It makes a mess out of underground telephone cables, too, even though it's bonded and grounded nine ways to heck. Even in low-lightning Los Angeles, we had a lightning strike hit a pole riser and wipe out over a mile of 1800 - 2400 pair underground cable. The lightning strike refused to bleed off to ground, and it jumped between different hundred pair groups (and slagged them) as it traveled down the cable and hit the various splice points.

Bad news: You have to replace two neon transformers, three sections of neon tubing, re-paint the sign face, 100 feet of conduit and power feed wires, timer, breaker...

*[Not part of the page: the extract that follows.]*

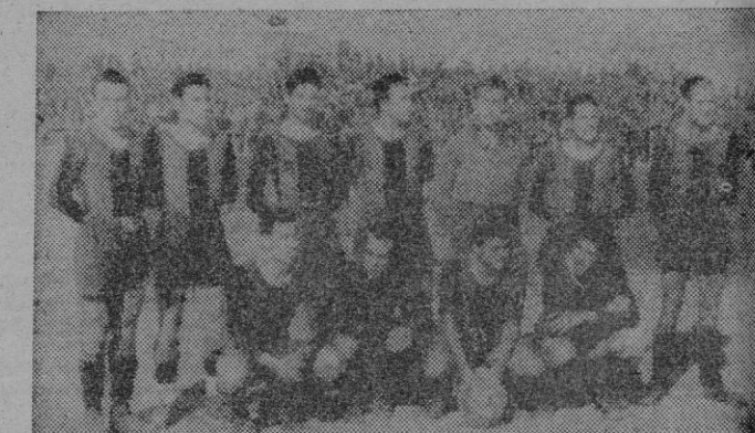
El último equipo del Levante que nos visitó, con motivo de la final de III División, y al que nuestro Mallorca, venció solo por 1-0

Un magno encuentro matinal se nos ofrece el próximo domingo en el campo de Son Canals, y es el cual los entusiastas muchachos del Atlético Baleares, se cuidarán de dar la debida réplica al cuadro de figuras que piensa desplazar el Levante para este encuen-

Good news: You won't need a backhoe to dig the trench, only a shovel to fill it back in. ;-)
I'd suggest a big lightning rod for the top of that sign, 000 cable or better down the sign, and run the ground network wires the other direction from the power feed.
Oh, and whenever you set up a wireless internet link, be SURE to turn on all the security protocols - Wired Equivalent Protocol, non- standard SSID, no SSID broadcasting, etc. The hackers don't want to steal your CAD plans - but they would like to pull up and park on the public street by your garage for an hour, and hack around in your office computer files looking for account numbers and passwords. Or better yet, send a few million pieces of Spam E-mail over the link, and let you get blamed because they came from your ISP connection.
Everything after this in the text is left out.